Please copy each line of the records below that holds the word "para".

-------

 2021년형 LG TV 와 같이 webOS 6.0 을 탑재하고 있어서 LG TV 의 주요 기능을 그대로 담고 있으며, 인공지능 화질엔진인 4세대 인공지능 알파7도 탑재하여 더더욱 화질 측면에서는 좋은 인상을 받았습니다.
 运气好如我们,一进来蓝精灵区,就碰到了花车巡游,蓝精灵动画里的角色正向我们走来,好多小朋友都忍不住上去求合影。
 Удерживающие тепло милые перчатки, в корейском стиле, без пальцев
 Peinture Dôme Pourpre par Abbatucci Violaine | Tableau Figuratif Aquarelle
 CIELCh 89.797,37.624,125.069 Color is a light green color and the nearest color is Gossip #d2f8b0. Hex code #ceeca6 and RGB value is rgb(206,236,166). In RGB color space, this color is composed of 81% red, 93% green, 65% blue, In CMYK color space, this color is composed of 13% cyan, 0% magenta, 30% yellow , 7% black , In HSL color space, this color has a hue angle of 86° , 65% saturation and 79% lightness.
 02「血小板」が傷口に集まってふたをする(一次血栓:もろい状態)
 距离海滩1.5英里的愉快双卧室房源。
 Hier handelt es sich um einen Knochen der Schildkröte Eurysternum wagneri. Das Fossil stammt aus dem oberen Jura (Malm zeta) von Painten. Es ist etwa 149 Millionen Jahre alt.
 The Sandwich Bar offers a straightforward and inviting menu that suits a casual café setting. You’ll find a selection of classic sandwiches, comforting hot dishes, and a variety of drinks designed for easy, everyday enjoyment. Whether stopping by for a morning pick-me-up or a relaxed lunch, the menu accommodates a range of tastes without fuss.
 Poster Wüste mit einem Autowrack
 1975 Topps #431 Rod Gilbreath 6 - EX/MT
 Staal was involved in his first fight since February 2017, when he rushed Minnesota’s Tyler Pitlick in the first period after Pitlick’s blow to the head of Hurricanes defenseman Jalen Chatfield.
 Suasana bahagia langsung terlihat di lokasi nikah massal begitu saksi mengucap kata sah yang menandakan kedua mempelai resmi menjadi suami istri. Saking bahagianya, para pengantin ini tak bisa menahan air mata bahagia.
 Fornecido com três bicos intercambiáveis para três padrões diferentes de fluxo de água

-------

Output for this task -
 Suasana bahagia langsung terlihat di lokasi nikah massal begitu saksi mengucap kata sah yang menandakan kedua mempelai resmi menjadi suami istri. Saking bahagianya, para pengantin ini tak bisa menahan air mata bahagia.
 Fornecido com três bicos intercambiáveis para três padrões diferentes de fluxo de água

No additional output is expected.